**Problem**.
Among the entries below, retype exactly the lines starting with the one with "White Admiral on" and going on through the one with "Correa, 1581), 1.", but not the pictures.

- - - - -

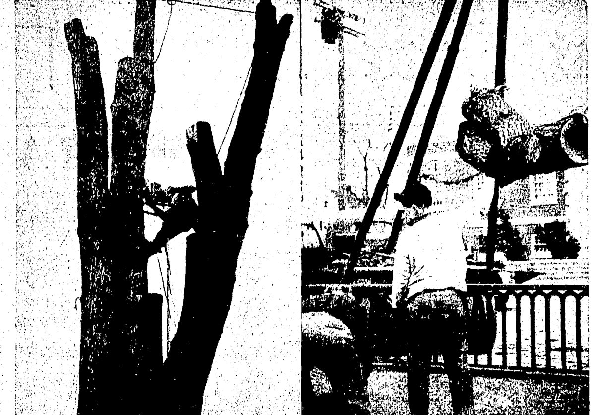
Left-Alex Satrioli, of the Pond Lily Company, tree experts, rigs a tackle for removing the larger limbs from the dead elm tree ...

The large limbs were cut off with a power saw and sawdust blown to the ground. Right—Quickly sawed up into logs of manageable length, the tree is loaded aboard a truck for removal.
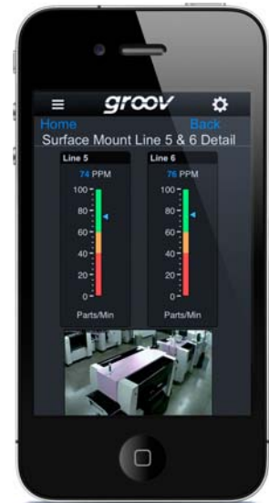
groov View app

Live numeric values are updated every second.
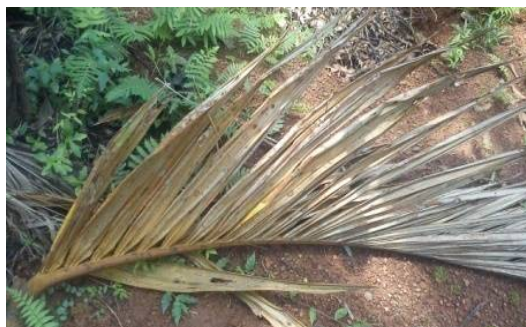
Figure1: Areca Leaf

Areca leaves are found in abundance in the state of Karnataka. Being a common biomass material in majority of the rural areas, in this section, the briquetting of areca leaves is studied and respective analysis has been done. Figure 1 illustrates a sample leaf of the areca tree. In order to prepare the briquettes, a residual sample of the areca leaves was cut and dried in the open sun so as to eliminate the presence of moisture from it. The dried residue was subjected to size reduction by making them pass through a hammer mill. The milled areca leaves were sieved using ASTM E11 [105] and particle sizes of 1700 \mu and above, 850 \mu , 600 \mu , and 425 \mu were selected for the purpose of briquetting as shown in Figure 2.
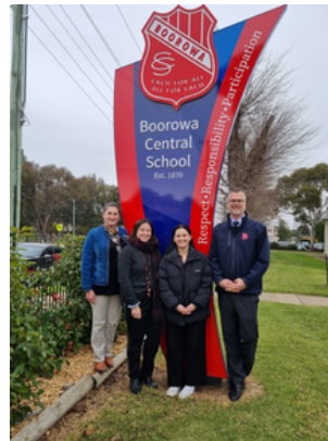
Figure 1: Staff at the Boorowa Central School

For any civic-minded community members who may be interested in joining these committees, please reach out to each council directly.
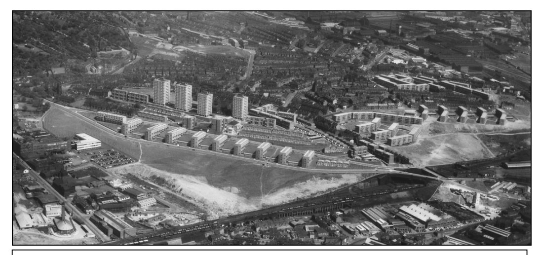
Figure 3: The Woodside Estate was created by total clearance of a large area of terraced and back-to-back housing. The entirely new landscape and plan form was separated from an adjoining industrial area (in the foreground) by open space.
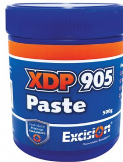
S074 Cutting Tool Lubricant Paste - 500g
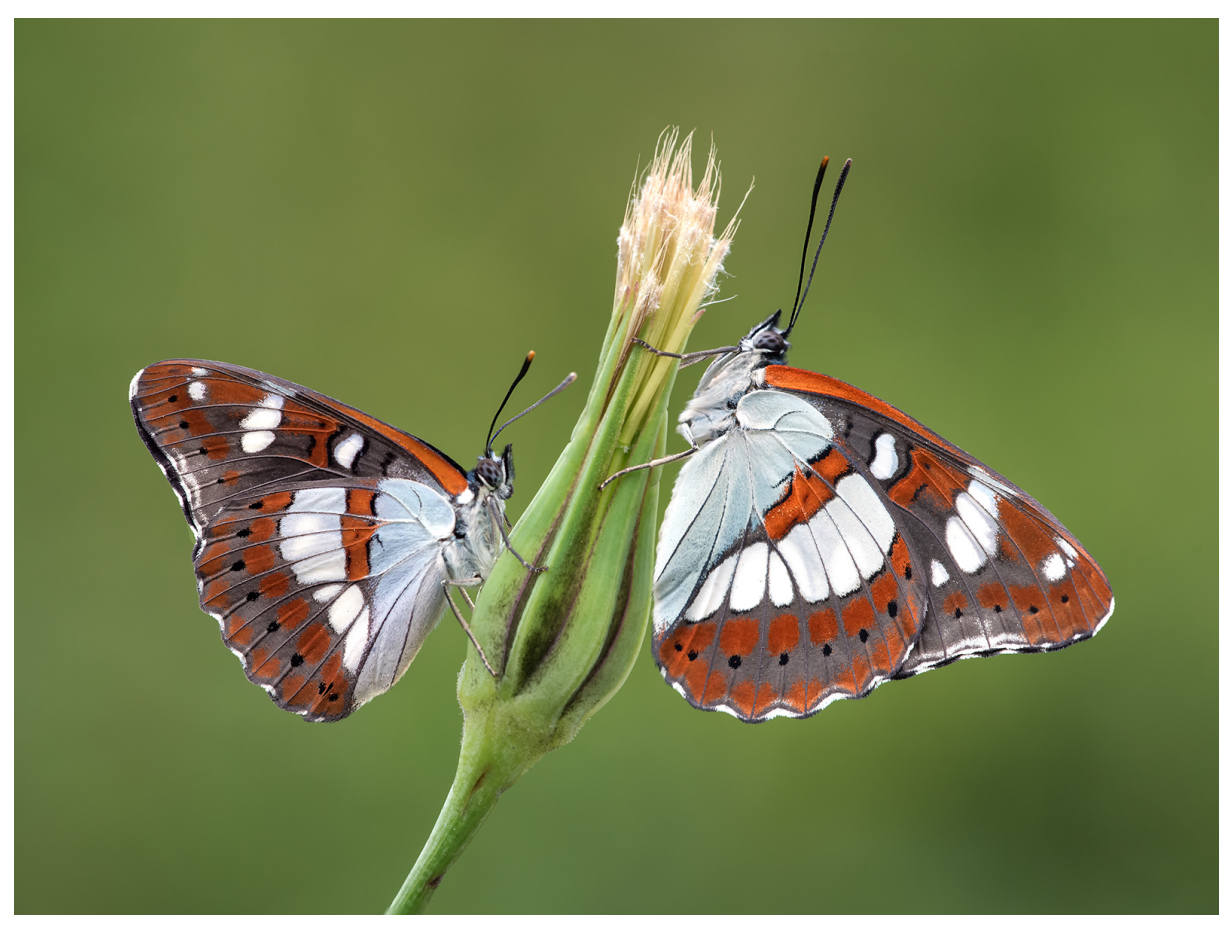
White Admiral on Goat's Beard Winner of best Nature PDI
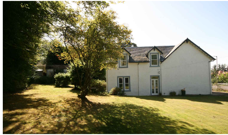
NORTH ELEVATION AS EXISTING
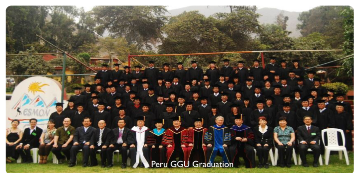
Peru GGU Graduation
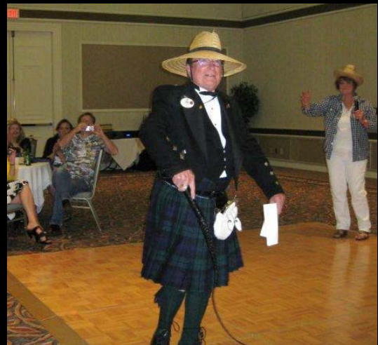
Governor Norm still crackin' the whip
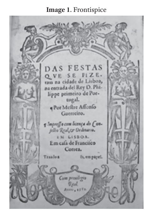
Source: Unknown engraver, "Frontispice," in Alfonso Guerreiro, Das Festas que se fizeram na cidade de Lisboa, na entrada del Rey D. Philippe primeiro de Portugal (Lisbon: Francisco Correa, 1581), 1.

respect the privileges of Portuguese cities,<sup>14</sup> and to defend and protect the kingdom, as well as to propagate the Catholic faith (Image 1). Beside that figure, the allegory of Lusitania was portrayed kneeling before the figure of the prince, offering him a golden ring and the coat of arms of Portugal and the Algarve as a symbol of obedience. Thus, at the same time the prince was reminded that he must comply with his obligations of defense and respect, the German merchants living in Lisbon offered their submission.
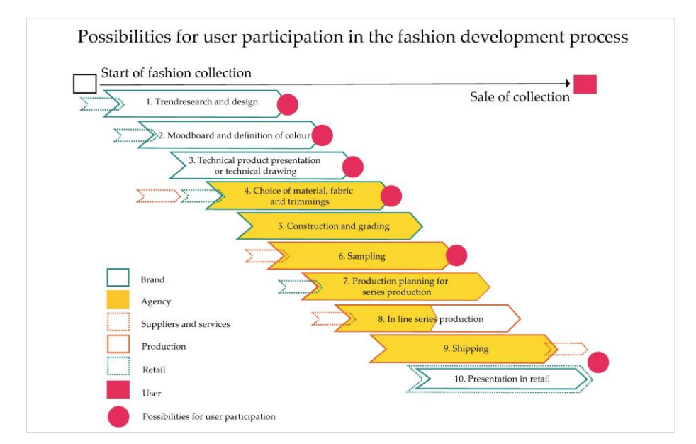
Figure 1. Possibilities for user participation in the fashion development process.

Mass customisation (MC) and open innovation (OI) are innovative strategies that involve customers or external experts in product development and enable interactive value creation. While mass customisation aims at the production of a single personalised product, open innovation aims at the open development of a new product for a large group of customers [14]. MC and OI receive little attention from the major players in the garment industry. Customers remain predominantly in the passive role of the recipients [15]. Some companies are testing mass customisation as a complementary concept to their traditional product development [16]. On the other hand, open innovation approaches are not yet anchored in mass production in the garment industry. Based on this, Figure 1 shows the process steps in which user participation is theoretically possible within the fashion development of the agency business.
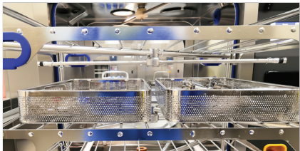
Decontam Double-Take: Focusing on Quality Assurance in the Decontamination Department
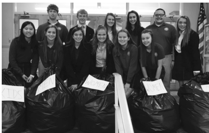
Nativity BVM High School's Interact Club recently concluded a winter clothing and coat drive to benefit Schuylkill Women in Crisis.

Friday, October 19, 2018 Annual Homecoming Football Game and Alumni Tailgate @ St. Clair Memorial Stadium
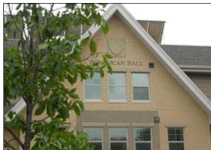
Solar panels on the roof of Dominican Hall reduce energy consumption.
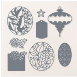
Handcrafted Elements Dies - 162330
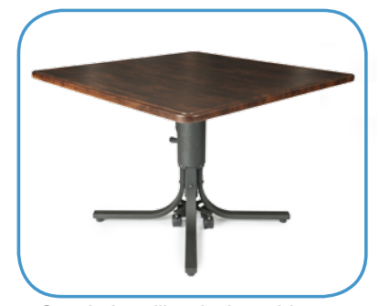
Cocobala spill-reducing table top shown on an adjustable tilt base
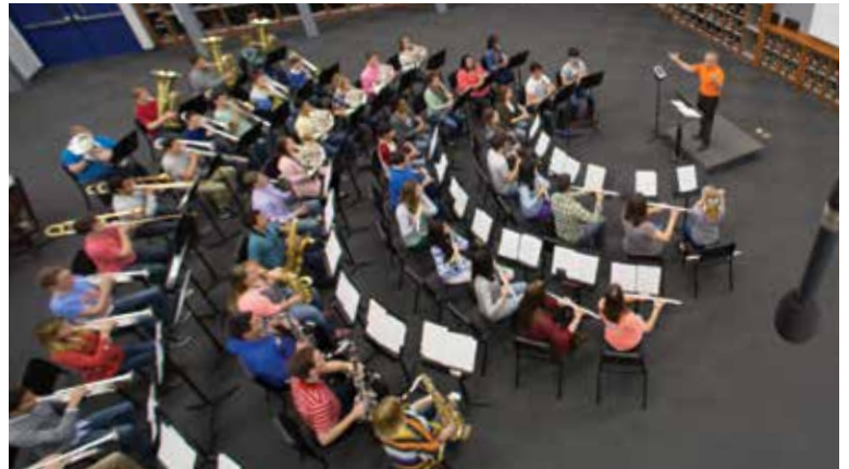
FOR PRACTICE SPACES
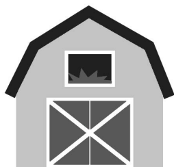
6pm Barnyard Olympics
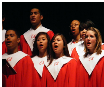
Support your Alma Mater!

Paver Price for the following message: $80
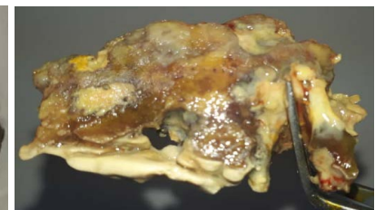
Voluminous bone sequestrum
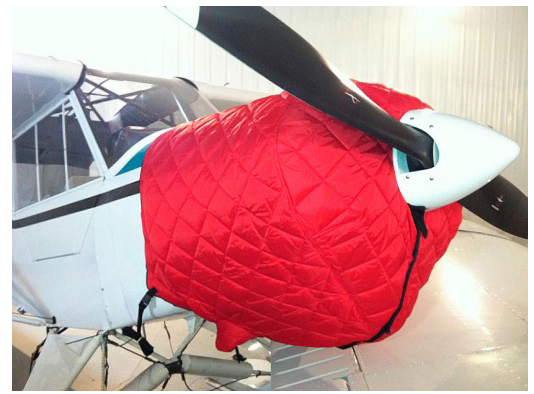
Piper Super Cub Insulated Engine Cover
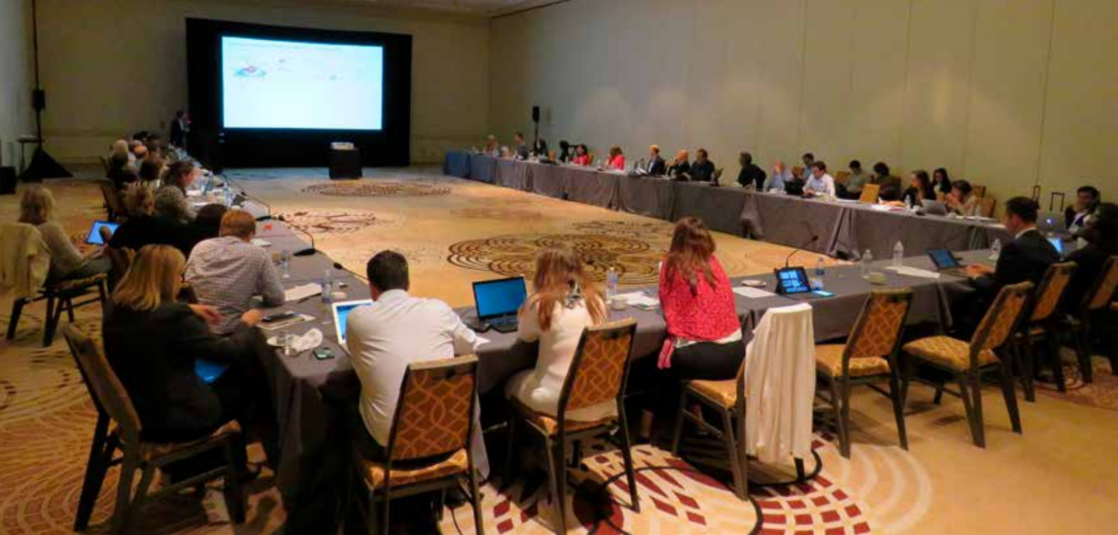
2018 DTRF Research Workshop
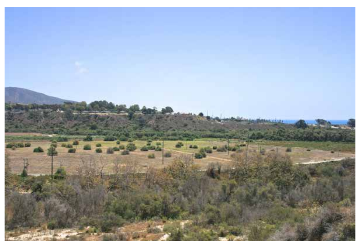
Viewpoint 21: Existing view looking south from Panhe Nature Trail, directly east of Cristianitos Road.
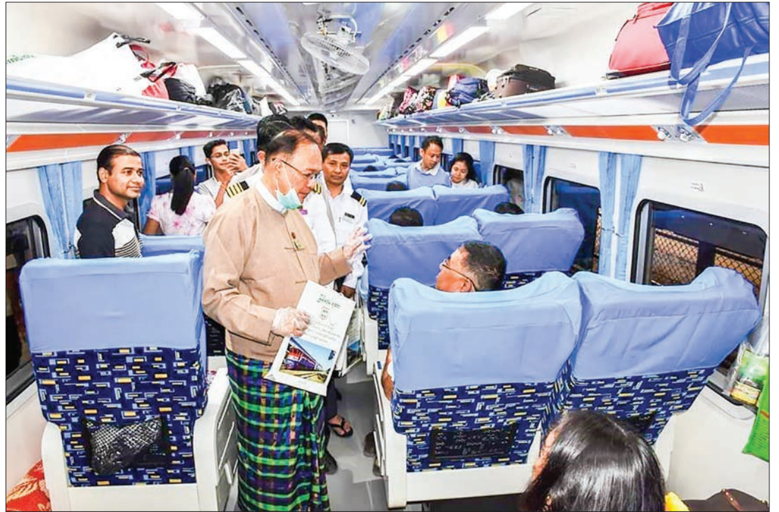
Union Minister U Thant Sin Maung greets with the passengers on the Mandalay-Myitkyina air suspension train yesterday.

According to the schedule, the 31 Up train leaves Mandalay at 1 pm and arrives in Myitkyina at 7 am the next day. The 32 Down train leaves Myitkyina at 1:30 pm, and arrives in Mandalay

- - - - -

**Answer to this exercise**.
White Admiral on Goat's Beard Winner of best Nature PDI
NORTH ELEVATION AS EXISTING
Peru GGU Graduation
Governor Norm still crackin' the whip
Source: Unknown engraver, "Frontispice," in Alfonso Guerreiro, Das Festas que se fizeram na cidade de Lisboa, na entrada del Rey D. Philippe primeiro de Portugal (Lisbon: Francisco Correa, 1581), 1.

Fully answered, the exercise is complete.